### EXERCISE
Within the records below, find each line that holds the string "leaf", then copy it.
━━━━━━
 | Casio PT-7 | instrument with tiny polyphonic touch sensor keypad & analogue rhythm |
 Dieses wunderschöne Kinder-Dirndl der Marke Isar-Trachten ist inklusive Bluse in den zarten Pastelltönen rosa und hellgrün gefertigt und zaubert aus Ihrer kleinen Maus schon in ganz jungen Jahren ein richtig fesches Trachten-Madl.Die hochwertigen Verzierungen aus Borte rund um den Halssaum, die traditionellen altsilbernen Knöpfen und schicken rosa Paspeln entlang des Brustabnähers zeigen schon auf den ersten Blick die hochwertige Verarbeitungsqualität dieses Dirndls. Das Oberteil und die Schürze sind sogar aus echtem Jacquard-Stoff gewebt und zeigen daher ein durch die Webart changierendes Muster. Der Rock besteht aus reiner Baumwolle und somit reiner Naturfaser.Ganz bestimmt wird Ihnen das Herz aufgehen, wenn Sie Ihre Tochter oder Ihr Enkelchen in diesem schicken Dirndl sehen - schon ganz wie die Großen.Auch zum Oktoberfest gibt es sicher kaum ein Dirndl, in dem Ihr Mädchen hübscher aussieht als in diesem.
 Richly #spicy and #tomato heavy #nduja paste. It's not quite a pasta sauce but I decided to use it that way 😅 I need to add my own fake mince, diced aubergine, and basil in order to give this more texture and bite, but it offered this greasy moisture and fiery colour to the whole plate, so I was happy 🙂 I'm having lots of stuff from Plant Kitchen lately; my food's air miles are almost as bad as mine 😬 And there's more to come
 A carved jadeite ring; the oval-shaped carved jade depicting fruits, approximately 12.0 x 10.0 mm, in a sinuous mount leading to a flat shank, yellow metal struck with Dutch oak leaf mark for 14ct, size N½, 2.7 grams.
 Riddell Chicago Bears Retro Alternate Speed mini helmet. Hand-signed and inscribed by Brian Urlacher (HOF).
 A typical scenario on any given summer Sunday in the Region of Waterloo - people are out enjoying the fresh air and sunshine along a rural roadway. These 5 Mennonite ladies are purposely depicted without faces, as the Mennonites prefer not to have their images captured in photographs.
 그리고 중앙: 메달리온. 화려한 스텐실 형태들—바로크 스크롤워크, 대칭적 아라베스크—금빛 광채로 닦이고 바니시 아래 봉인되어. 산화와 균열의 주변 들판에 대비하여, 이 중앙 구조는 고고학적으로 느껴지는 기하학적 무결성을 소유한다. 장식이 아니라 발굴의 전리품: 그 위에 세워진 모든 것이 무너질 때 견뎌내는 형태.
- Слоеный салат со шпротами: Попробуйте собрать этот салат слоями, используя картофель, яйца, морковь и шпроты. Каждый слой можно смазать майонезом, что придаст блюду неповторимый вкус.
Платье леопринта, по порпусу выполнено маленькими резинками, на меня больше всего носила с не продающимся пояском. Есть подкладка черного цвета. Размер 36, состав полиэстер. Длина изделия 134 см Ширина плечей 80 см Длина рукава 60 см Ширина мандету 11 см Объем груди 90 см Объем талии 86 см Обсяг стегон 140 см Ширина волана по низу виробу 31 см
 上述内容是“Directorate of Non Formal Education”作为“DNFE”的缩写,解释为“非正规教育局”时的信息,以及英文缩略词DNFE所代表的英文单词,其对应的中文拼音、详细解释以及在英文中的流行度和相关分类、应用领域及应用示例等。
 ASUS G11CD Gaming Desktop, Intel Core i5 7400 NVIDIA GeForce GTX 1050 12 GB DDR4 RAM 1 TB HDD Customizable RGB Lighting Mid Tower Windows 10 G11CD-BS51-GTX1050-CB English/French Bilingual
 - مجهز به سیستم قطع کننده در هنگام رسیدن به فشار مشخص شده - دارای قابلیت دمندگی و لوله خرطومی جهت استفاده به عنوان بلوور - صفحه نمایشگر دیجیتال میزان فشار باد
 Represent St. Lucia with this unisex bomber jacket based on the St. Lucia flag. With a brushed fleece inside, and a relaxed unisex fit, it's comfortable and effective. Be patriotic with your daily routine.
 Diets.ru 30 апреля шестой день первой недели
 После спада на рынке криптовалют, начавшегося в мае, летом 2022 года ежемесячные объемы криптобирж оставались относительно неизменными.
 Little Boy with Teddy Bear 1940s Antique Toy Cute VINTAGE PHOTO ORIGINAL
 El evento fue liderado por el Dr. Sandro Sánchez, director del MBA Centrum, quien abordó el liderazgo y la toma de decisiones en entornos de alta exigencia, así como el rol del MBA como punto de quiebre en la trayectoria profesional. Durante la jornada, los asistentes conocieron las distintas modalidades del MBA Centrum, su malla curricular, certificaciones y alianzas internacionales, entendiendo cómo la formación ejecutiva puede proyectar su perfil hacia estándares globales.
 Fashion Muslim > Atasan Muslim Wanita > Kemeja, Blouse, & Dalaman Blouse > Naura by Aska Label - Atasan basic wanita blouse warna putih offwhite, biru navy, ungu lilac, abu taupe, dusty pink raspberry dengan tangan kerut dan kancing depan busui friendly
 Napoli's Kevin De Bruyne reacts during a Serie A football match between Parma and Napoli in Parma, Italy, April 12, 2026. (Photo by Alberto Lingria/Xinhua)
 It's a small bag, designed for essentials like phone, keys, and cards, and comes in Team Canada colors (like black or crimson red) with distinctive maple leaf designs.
━━━━━━
### RESPONSE TO THIS TASK
 A carved jadeite ring; the oval-shaped carved jade depicting fruits, approximately 12.0 x 10.0 mm, in a sinuous mount leading to a flat shank, yellow metal struck with Dutch oak leaf mark for 14ct, size N½, 2.7 grams.
 It's a small bag, designed for essentials like phone, keys, and cards, and comes in Team Canada colors (like black or crimson red) with distinctive maple leaf designs.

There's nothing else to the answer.